### [Task prompt]
Write out the entries below exactly, but only from the line containing "Voľne stojaca oválna" through the line containing "朝は日差しがあり、アオジが道に出て採餌", and without the pictures.

#### Record set ####

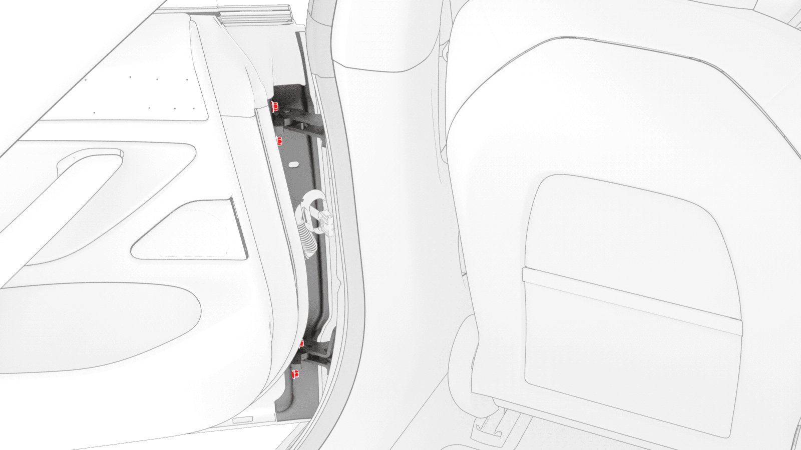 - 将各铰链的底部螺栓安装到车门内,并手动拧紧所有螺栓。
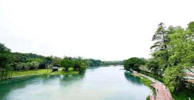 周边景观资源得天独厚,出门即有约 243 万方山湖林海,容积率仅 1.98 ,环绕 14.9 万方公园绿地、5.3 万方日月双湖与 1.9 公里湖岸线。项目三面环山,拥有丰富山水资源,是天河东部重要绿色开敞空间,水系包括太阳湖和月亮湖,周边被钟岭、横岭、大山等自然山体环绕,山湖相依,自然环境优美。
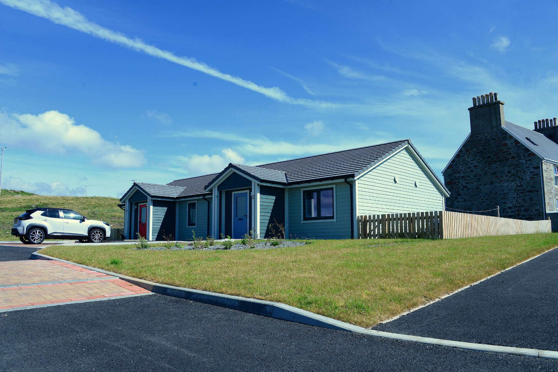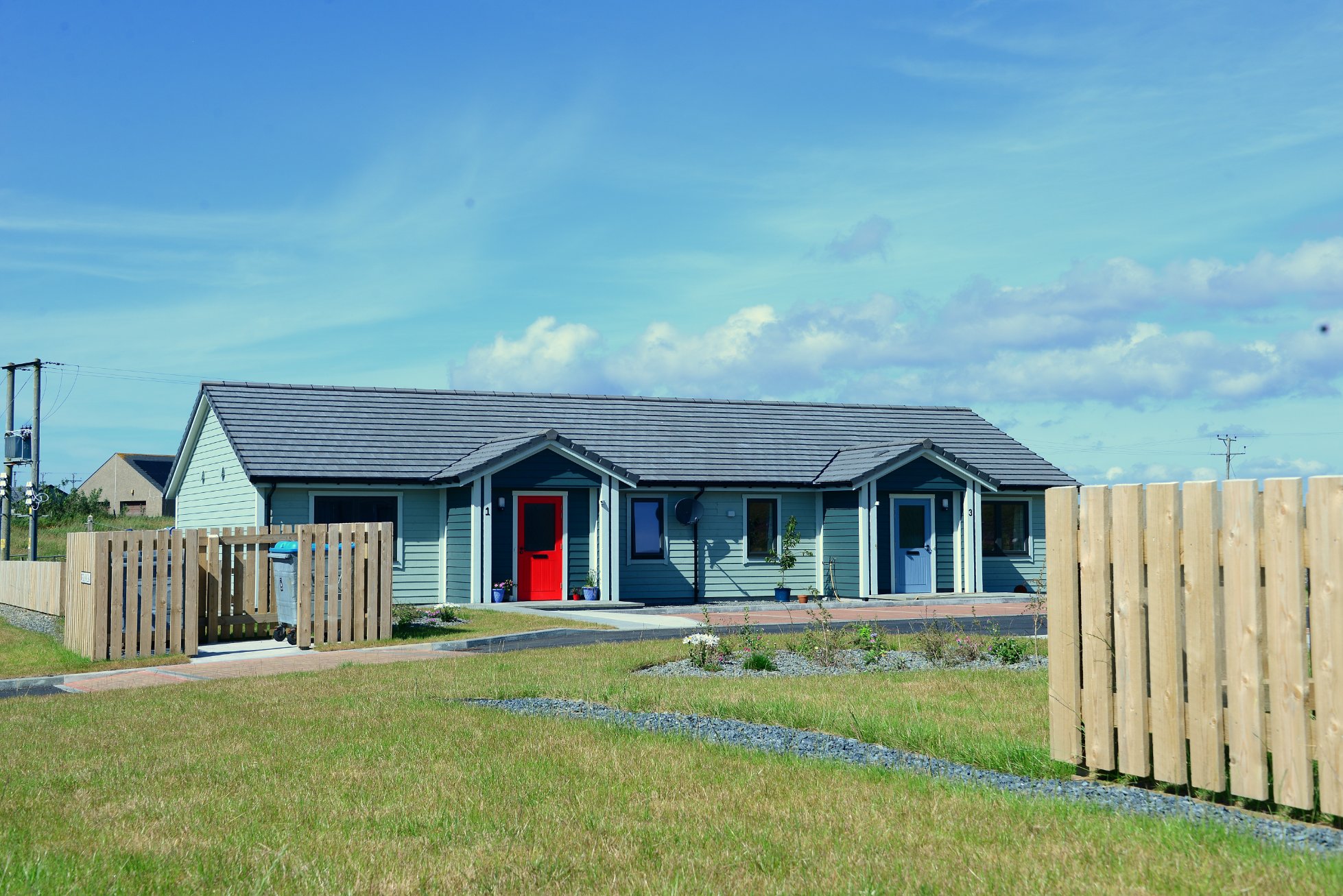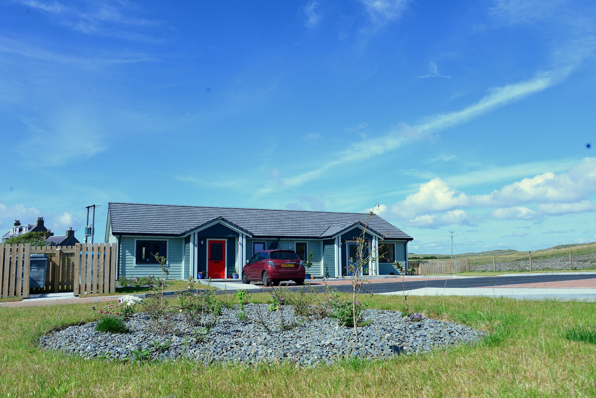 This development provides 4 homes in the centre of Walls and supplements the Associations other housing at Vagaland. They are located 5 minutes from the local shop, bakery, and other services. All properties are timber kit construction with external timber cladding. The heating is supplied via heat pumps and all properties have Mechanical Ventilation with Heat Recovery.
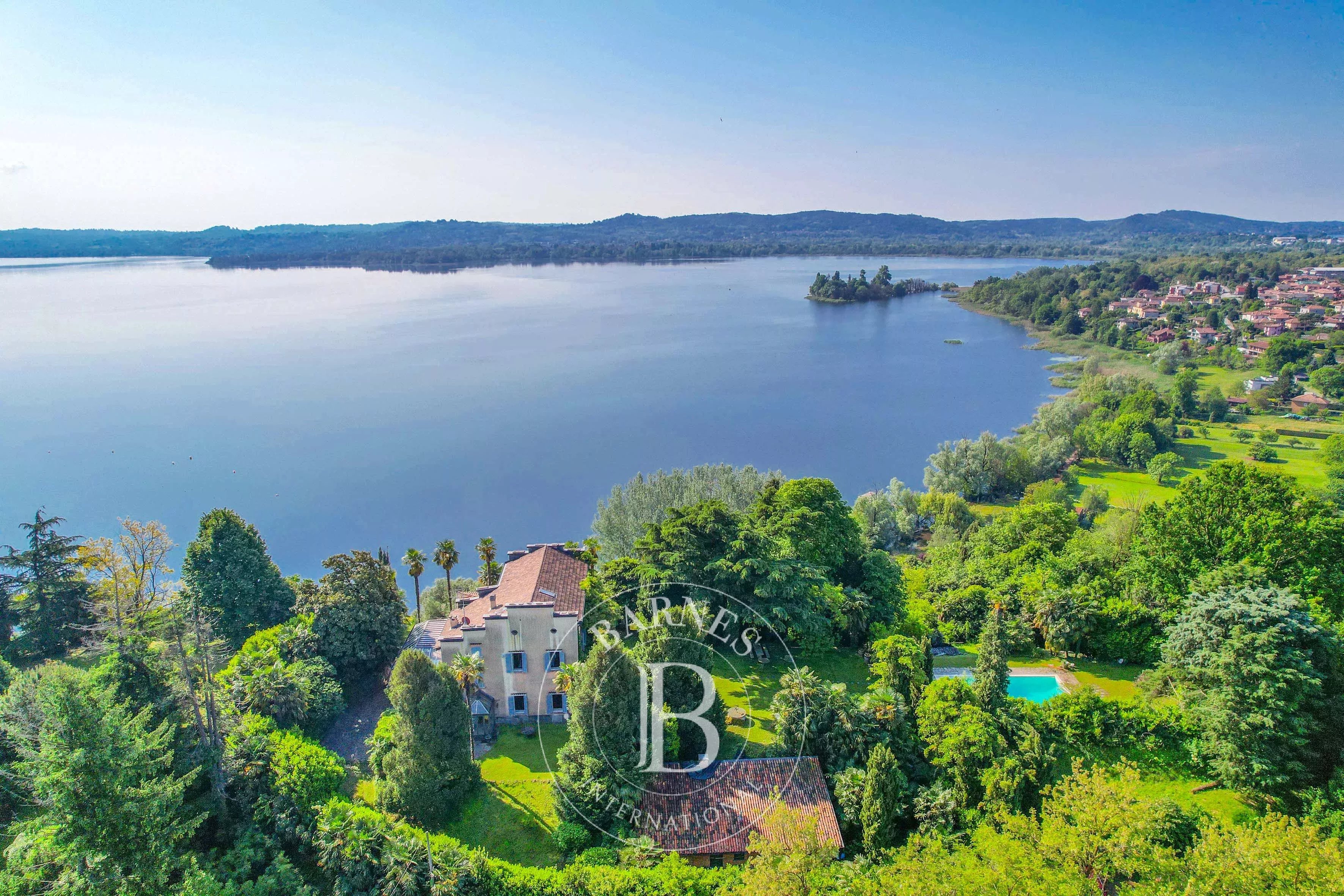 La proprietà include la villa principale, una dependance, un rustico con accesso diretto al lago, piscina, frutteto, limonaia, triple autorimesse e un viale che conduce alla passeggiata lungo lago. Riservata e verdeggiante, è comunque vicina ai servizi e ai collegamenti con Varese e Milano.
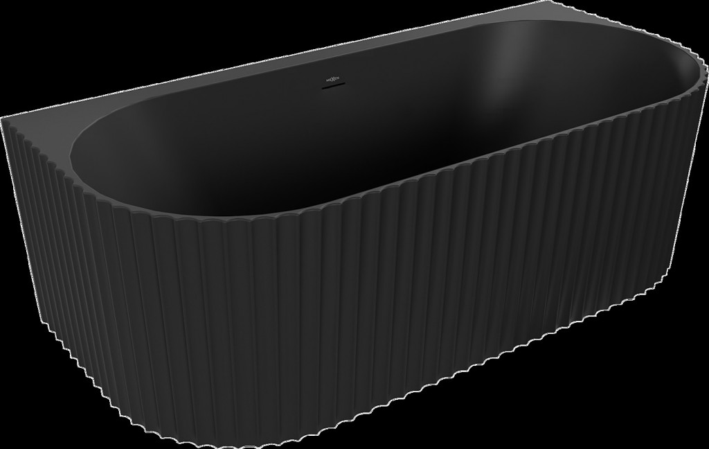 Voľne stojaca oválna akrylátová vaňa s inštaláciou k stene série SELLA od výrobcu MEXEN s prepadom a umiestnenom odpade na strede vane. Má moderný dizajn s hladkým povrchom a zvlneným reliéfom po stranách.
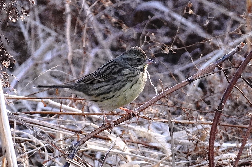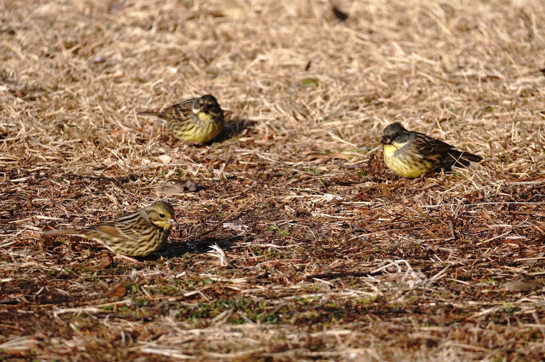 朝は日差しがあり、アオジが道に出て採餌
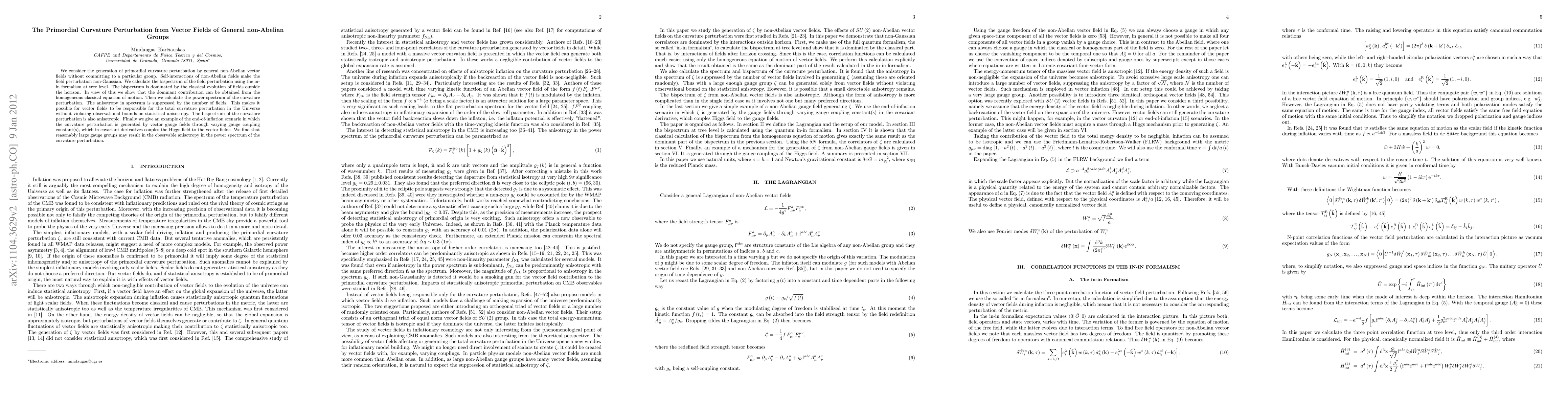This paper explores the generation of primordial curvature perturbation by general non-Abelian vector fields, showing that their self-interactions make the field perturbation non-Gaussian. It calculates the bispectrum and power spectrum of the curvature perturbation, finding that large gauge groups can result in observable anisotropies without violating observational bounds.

####

### [The answer]
 Voľne stojaca oválna akrylátová vaňa s inštaláciou k stene série SELLA od výrobcu MEXEN s prepadom a umiestnenom odpade na strede vane. Má moderný dizajn s hladkým povrchom a zvlneným reliéfom po stranách.
 朝は日差しがあり、アオジが道に出て採餌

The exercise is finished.